Hapi: A Performance deep-dive
Improving hapi performance in real-world use cases
Recently we were tasked with investigating performance with the popular web framework hapi. Performance means a lot of different things, but we wanted to see if we could improve the requests per seconds that hapi could perform on real-world use cases. Real-world means not just “juicing” the stats to improve various benchmark scores but actually trying to figure out what kind of bottlenecks appeared when using the framework for the application you’d normally do when writing an application deployed for a wider audience.
If you do not know hapi , it is a popular web framework for Node.js frequently popping up in “Best Frameworks” lists across the web. It is always a fun challenge for us to try to improve code used by thousands of users around the world so we were excited about squeezing more performance out of it.
We do this kind of performance work quite a bit both in our personal open source modules and also for clients. The method usually goes something like this:
- Get a simple benchmark going with the less external factors the better. Run these against Clinic.js to see which recommendations it comes up with.
- Sprint through the code base, looking for patterns and pitfalls we often see slowing down performance.
- Get as many easy wins as we can, verify against the benchmark.
- Go wider and try to mimic production setups with a bit more advanced benchmarks.
- Using the tools recommended by Clinic.js and Chrome dev-tools measure and try to identify and fix bottlenecks.
More often than not, it’s the same patterns and architectural choices that lower CPU-bound performance in modules so when you’ve fixed a bunch of these in other modules it helps you identify them in subsequent projects as well.
When we were looking at performance at things such as web frameworks we are lucky to have a lot of similar libraries out there in the same space. This makes it easier for us to identify bottlenecks by comparing scores between modules. For example, when serving a simple GET request if other web frameworks such as Fastify or Express are faster than hapi, it is usually a strong signal that there is a bottleneck waiting to be fixed.
Disclaimer
It is worth mentioning that tuning your Node.js code for performance can have pretty serious drawbacks to readability and maintainability of your codebase. It’s often not worth doing this except for “hotpaths” in your code, i.e. code that is run *a lot* and where it represents a bottleneck. Even then if you performance-tune and end up with a 1-5% improvement it is usually better to keep a simpler implementation versus a complex slightly faster one. Tuning your code also puts a higher maintenance burden on you, as performance can change based on V8 versions, I/O performance etc.
Setting up benchmarks
With all of this in mind, let’s continue. For simple benchmarks, we’re in luck as plenty exists for web frameworks in Node.js already. These benchmarks are usually a bit synthetic since they often test how fast each framework can return a simple static JSON object in a GET request. Obviously a web application does many more things than this but it still gives us an idea on how fast the core of the framework is and gives us an idea on the performance impact of our improvements.
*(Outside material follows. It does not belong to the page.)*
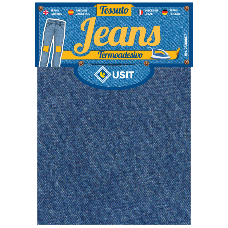 Tessuto Jeans termoadesivo in resistente tessuto denim.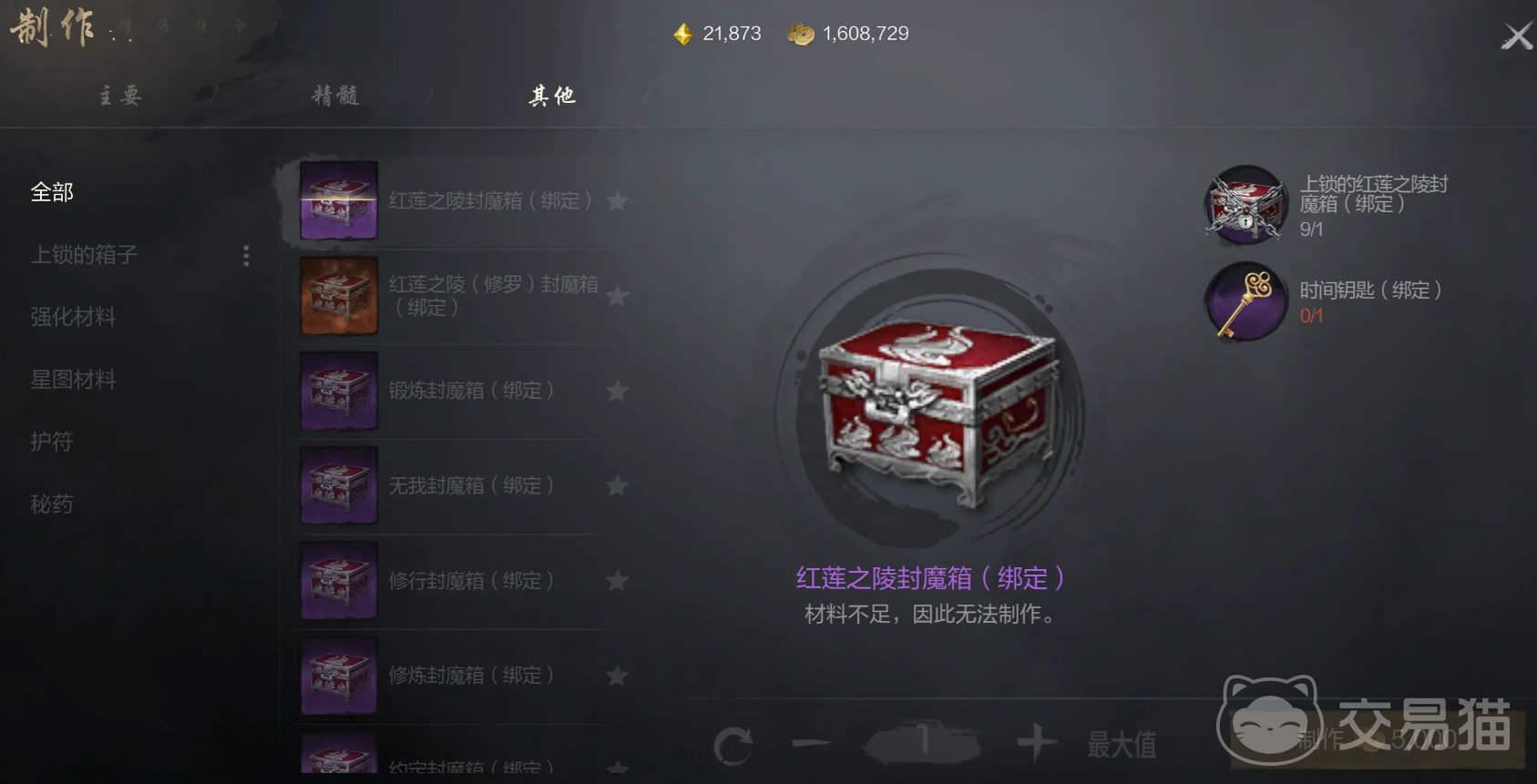对于其他板块的话,可以将游戏中其他可制作的道具都整合在一起,也就是一些杂物。比如强化材料或者可以上锁的箱子,当我们找到足够多的材料时。需要点击三个板块中的一个,然后再点击相应的道具就可以打开制作页面,只需要消耗一定的金币就可以快速制作了。

The benchmark we used was the one maintained by the Fastify community. This suite is quite nice as it both provides a simple tool to compare popular frameworks against each other as well as having bare “hello world” implementations for each individual framework. We can get a simple request per second score out of this by spinning it up locally and using autocannon , a http benchmarking tool.
The last command above will spin up the benchmark hapi server and when it is listening on a port, autocannon will bombard with http requests against the path ‘/’ for 10 seconds. When it is done we’ll get a score out that looks similar to this:
- Req/Bytes counts sampled once per second.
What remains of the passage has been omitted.